From previous study [21], following main results were achieved, which are the basis for further new experiments in this current research work.

  • Correlation between network density and number of driver nodes: For this purpose, network densities and number of driver nodes in those networks are plotted against each other to see the increase/decrease in number of driver nodes with the increase/decrease in the densities of the networks.

  • Structural measures and density of driver nodes: In this step a comparison of structural measures like (Betweenness Centrality, Closeness Centrality, Nodes, Edges, Eigenvector Centrality and Clustering Coefficient) is presented with the density of number of driver nodes. Density of number of driver nodes is defined as total number of driver nodes divided by total number of nodes in the network.

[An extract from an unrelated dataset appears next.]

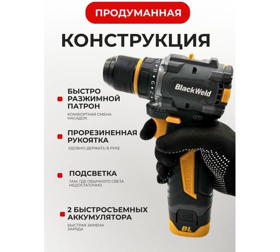 Дрель-шуруповерт аккумуляторная BlackWeld 16.8V 2.0Ah 150240

In our proposed methods, we utilise driver nodes within the communities of networks for the influence spread using Linear Threshold Model. To make the driver nodes more influential, we propose different ranking mechanisms to see the number of nodes influenced after a certain time with a certain percentage of seed nodes in synthetic as well as real networks. The detail of network datasets has been presented in the later sections. We explain our method to select seed nodes from the communities in the next section.

3 Methodology

This work springs from the question, whether network control methods, in particular driver node selection, can be used to improve seed selection in influence models.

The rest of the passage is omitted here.